*** Record set ***

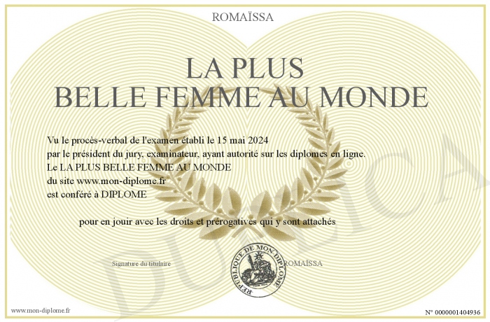 Envoyez par email votre LA PLUS BELLE FEMME AU MONDE personalisé
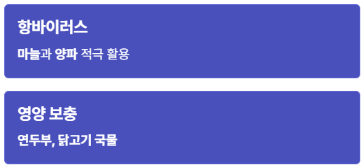 - 치킨 브로스: 전해질 균형을 맞춰 탈수를 예방하고, 따뜻한 온기가 호흡기 혈류량을 늘려줍니다.
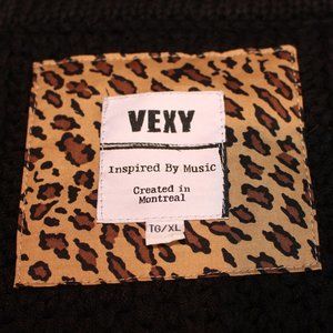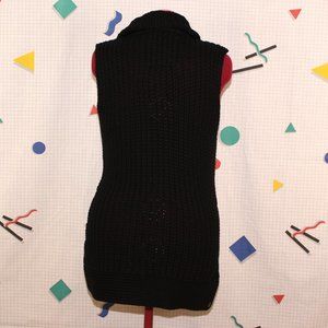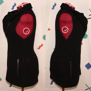 Black knitted sleeveless vest from Vexy. Made in China. Asymmetrical zipper+button closure. Has a small snag at the edge of the collar. Never worn, washed once. 50% cotton/50%polyester. Measurements zipped up flat are 16½"(33") bust, 17½"(35") waist, and 19"(38") hips. Material has a 35% stretch limit. More measurement available on demand. It also has pocket big enough to fit your hands. Comes from a smoke-free home that has cats and dogs. Tags: goth, punk, y2k, metal, clubbing
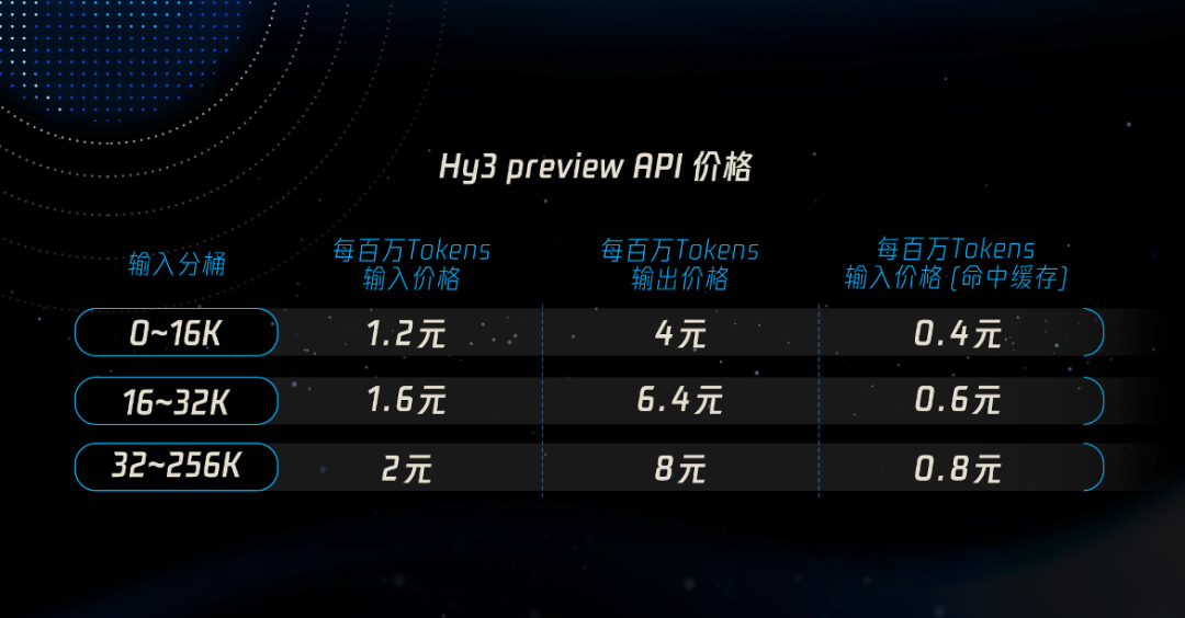 价格方面,在腾讯云大模型服务平台TokenHub上,Hy3 preview输入价格最低1.2元/百万tokens,输入命中缓存价格0.4元/百万tokens,输出价格最低4元/百万tokens。
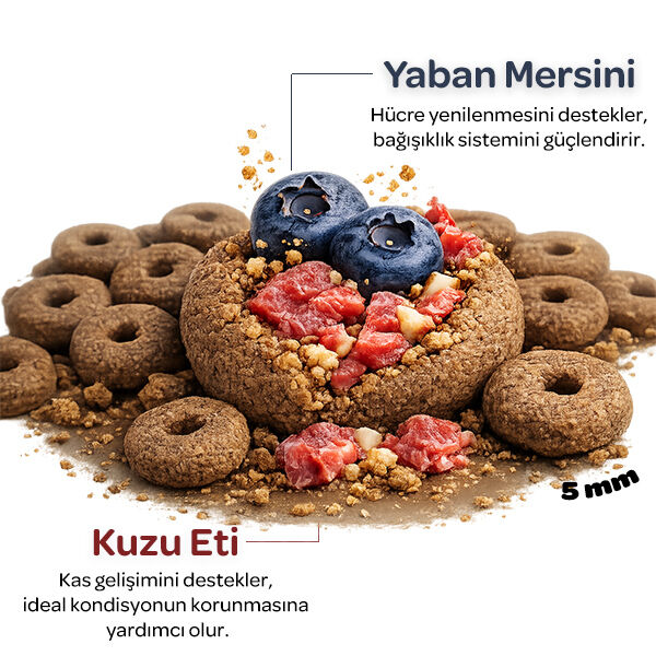 İşlenmiş kuzu proteini içeriği ve %31 toplam protein oranı ile kas gelişimini destekler, ideal kondisyonun korunmasına yardımcı olur.
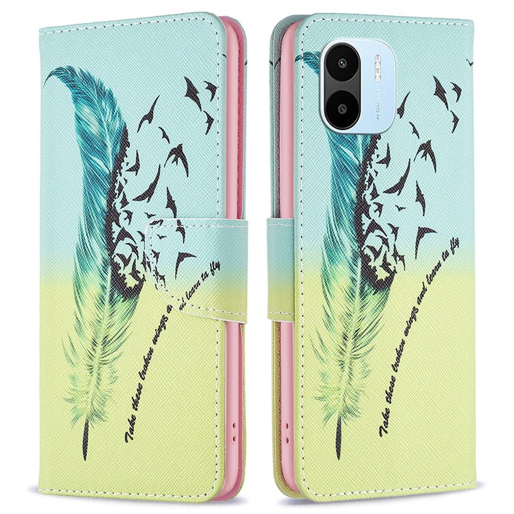 Θήκη Xiaomi Redmi A1 / A2 OEM Feather & Birds με βάση στήριξης, υποδοχές καρτών και μαγνητικό κούμπωμα Flip Wallet από συνθετικό δέρμα και TPU
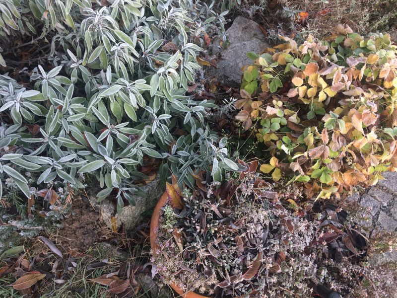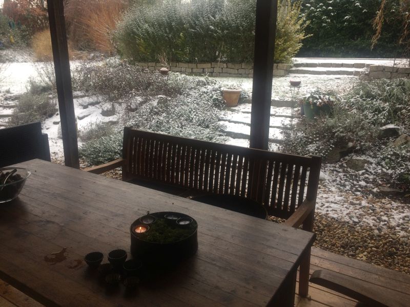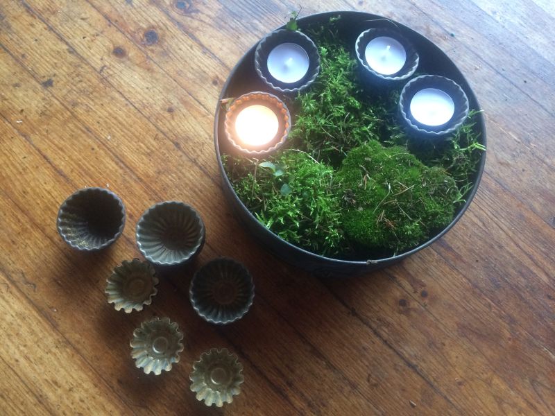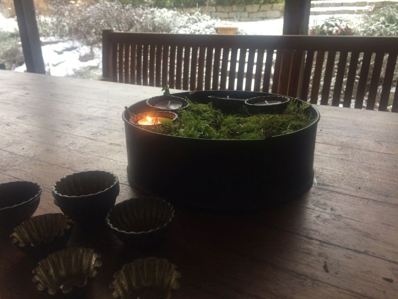 Krmítka pro ptáky jsou naplněna, kytky v květináčích jsem zazimovávala včera. Bylo to teda těsný, protože dnes už sníh. Adventní věnce máme dva, jeden klasickej s jehličím, šípky a ostružinami, a druhej z mechu. Koupila jsem na něj starou do černa vypálenou formu na dort a stejné hodně použité formičky. mech je přírodní ze včerejší procházky s kočárkem a se psem.
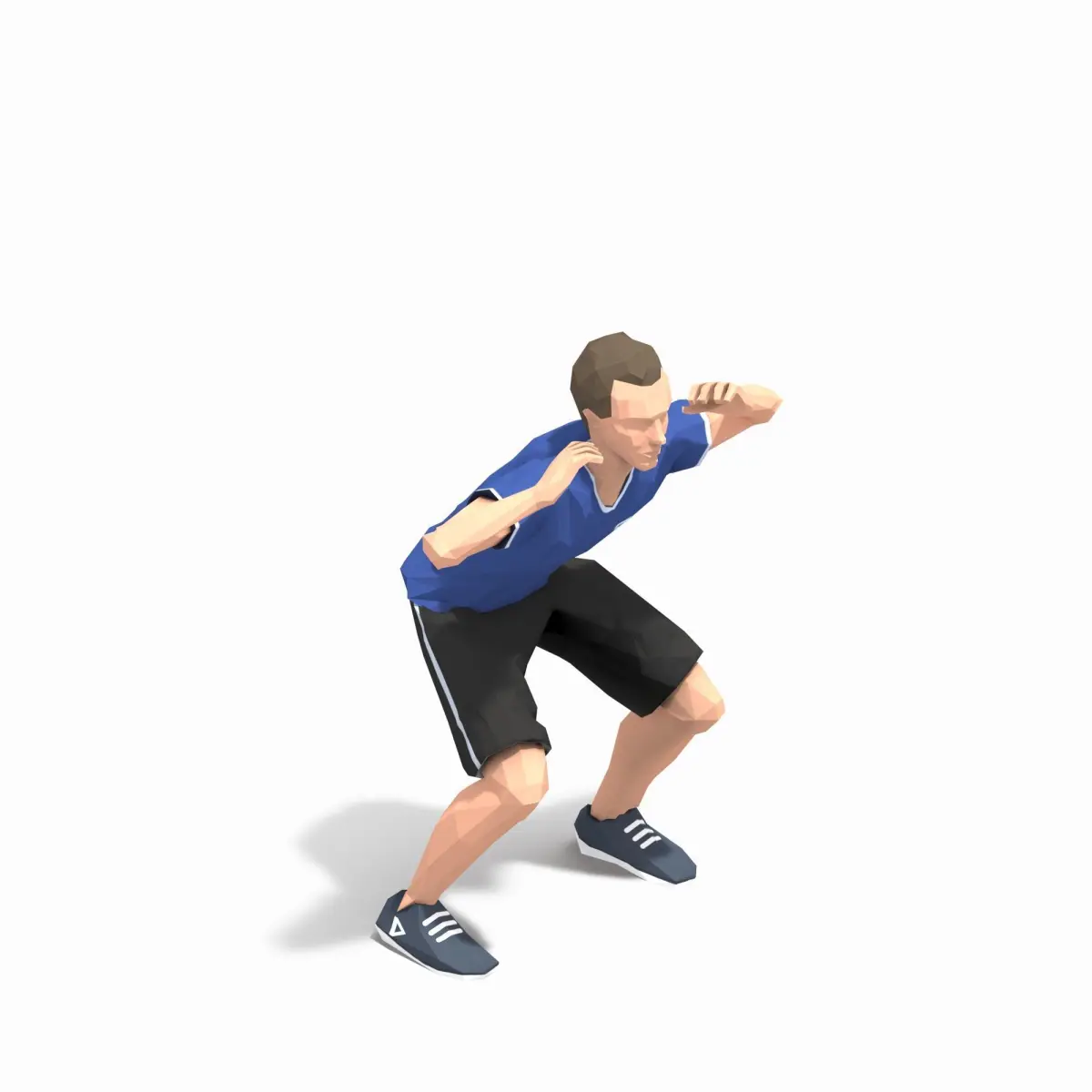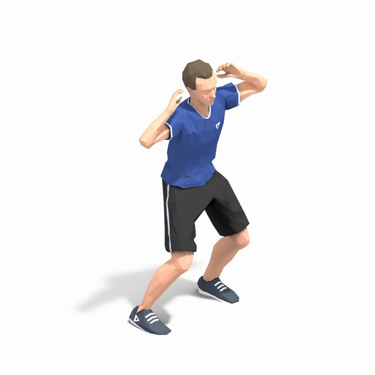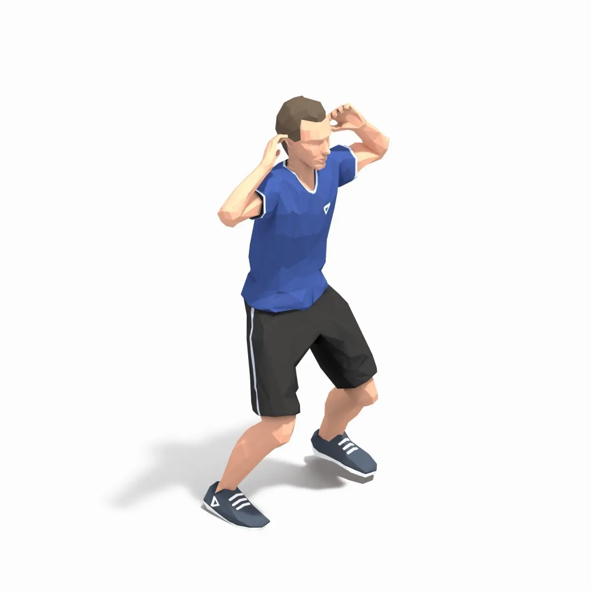 Animations of exercise Man Low poly3d model in flat surface style.Animation created in CAT system and exported to FBX files for loop sequence.Extra textures as bonus
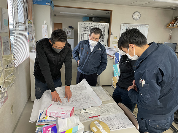 新しい契約が決まると、図面を拡げ、技術の共有を頻繁に行います。 前の工事の書類を整えながら、次の技術の検証を皆で行なう日々が技術者の日常です。 頭の切替を瞬時で行ない、これはこれ、…
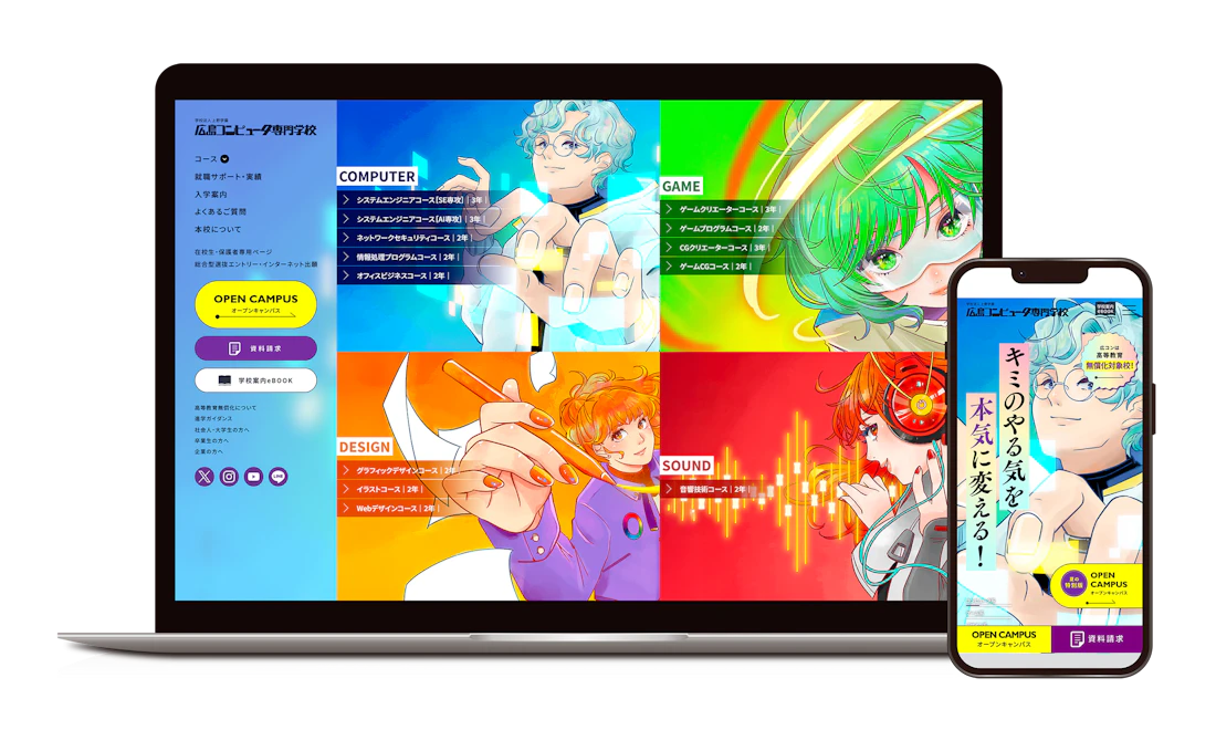 広島コンピュータ専門学校は、IT・ゲーム・デザイン・サウンドの4つの専門分野を軸に、クリエイティブとテクノロジーの両面から次世代のプロフェッショナルを育成する学校です。実践的な学びを通じて、時代の最先端で活躍できるスキルと発想力を養う教育を展開しています。そんな多彩な学びの魅力を、視覚的に印象づけるウェブサイトとしてデザインしました。

***

Could you reproduce every record above exactly, leaving out the pictures?

 Envoyez par email votre LA PLUS BELLE FEMME AU MONDE personalisé
 - 치킨 브로스: 전해질 균형을 맞춰 탈수를 예방하고, 따뜻한 온기가 호흡기 혈류량을 늘려줍니다.
 Black knitted sleeveless vest from Vexy. Made in China. Asymmetrical zipper+button closure. Has a small snag at the edge of the collar. Never worn, washed once. 50% cotton/50%polyester. Measurements zipped up flat are 16½"(33") bust, 17½"(35") waist, and 19"(38") hips. Material has a 35% stretch limit. More measurement available on demand. It also has pocket big enough to fit your hands. Comes from a smoke-free home that has cats and dogs. Tags: goth, punk, y2k, metal, clubbing
 价格方面,在腾讯云大模型服务平台TokenHub上,Hy3 preview输入价格最低1.2元/百万tokens,输入命中缓存价格0.4元/百万tokens,输出价格最低4元/百万tokens。
 İşlenmiş kuzu proteini içeriği ve %31 toplam protein oranı ile kas gelişimini destekler, ideal kondisyonun korunmasına yardımcı olur.
 Θήκη Xiaomi Redmi A1 / A2 OEM Feather & Birds με βάση στήριξης, υποδοχές καρτών και μαγνητικό κούμπωμα Flip Wallet από συνθετικό δέρμα και TPU
 Krmítka pro ptáky jsou naplněna, kytky v květináčích jsem zazimovávala včera. Bylo to teda těsný, protože dnes už sníh. Adventní věnce máme dva, jeden klasickej s jehličím, šípky a ostružinami, a druhej z mechu. Koupila jsem na něj starou do černa vypálenou formu na dort a stejné hodně použité formičky. mech je přírodní ze včerejší procházky s kočárkem a se psem.
 Animations of exercise Man Low poly3d model in flat surface style.Animation created in CAT system and exported to FBX files for loop sequence.Extra textures as bonus
 新しい契約が決まると、図面を拡げ、技術の共有を頻繁に行います。 前の工事の書類を整えながら、次の技術の検証を皆で行なう日々が技術者の日常です。 頭の切替を瞬時で行ない、これはこれ、…
 広島コンピュータ専門学校は、IT・ゲーム・デザイン・サウンドの4つの専門分野を軸に、クリエイティブとテクノロジーの両面から次世代のプロフェッショナルを育成する学校です。実践的な学びを通じて、時代の最先端で活躍できるスキルと発想力を養う教育を展開しています。そんな多彩な学びの魅力を、視覚的に印象づけるウェブサイトとしてデザインしました。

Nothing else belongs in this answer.